7月6日、アゼルバイジャンのバクーで開かれた世界遺産委員会で、大阪府下の「百舌鳥・古市古墳群」の世界文化遺産への登録が決まった。これを受け、これまでとこれからの取り組みと観光対策を取材した。(藤井)
世界遺産登録への取り組みは2005年にはじまり、国内で1つの文化遺産推薦候補に4度目で選定され、ようやく結実した。当初、百舌鳥古墳群のみ対象だったのが、同時期成立の古市古墳群を含め、古墳時代中期の代表事例としての価値が認められた。世界遺産登録の目的は、古墳群の保護と継承だ。背景には戦後の宅地開発影響下での、古墳群の大規模な取り壊しがあった。1955年の市民による「いたすけ古墳」の保存運動で収束したが、築造当時100基以上あった古墳は、44基まで減少した。
堺市内の宿泊施設における外国人利用者数は、4万人(2014年)から24万人(2019年)と大幅に増加している。

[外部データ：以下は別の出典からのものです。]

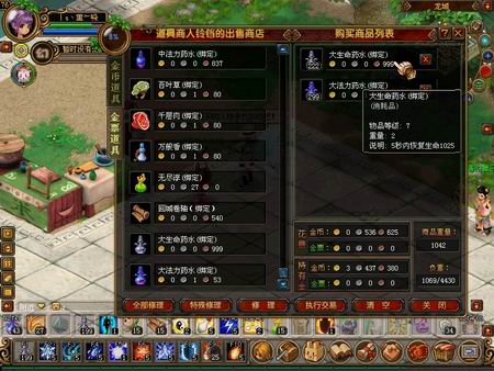 在游戏中打怪、任务、无论干什么都离不开生命药水和法力药水,从最开始的肉片、牛肉面到烤乳猪、小生命药水、中生命药水、中法力药水等等,琳琅满目的药水让我们可以根据自己的需要选择,可是随着我们等级愈高,我们的能力越来越强,我们也需要更强大的药水来补充我们的体力,所以现在龙城和幻海秘境的道具商人处都开始出售新的大生命药水和大法力药水了。
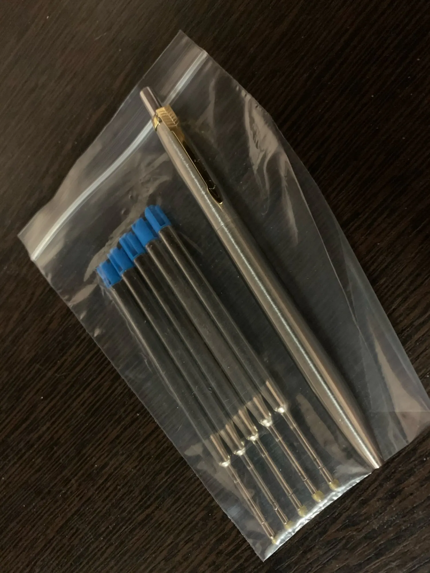 Доставка 20 дней в Московскую Область. Ручка маленькая, очень лёгкая. Стержни все пишут. Всё норм.

こうした状況を鑑み、南海本線堺駅と高野線堺東駅から仁徳天皇陵拝所前までのシャトルバスを、7月6日から運行させた。また、観光案内所での手荷物預かりや、観光タクシーの補助制度も導入されている。古墳の魅力の発信には、堺市博物館やVR技術を使った映像体験がある。エリア内の周遊には、古墳周遊アプリ、レンタサイクルを利用できる。今後はWi‐Fi整備や上空ヘリの運航など、民間事業者とも連携し更なる取り組みを拡充していく。こうしたアクセス強化と受入環境整備により、観光客の分散、堺市旧市街への観光客の誘致が期待される。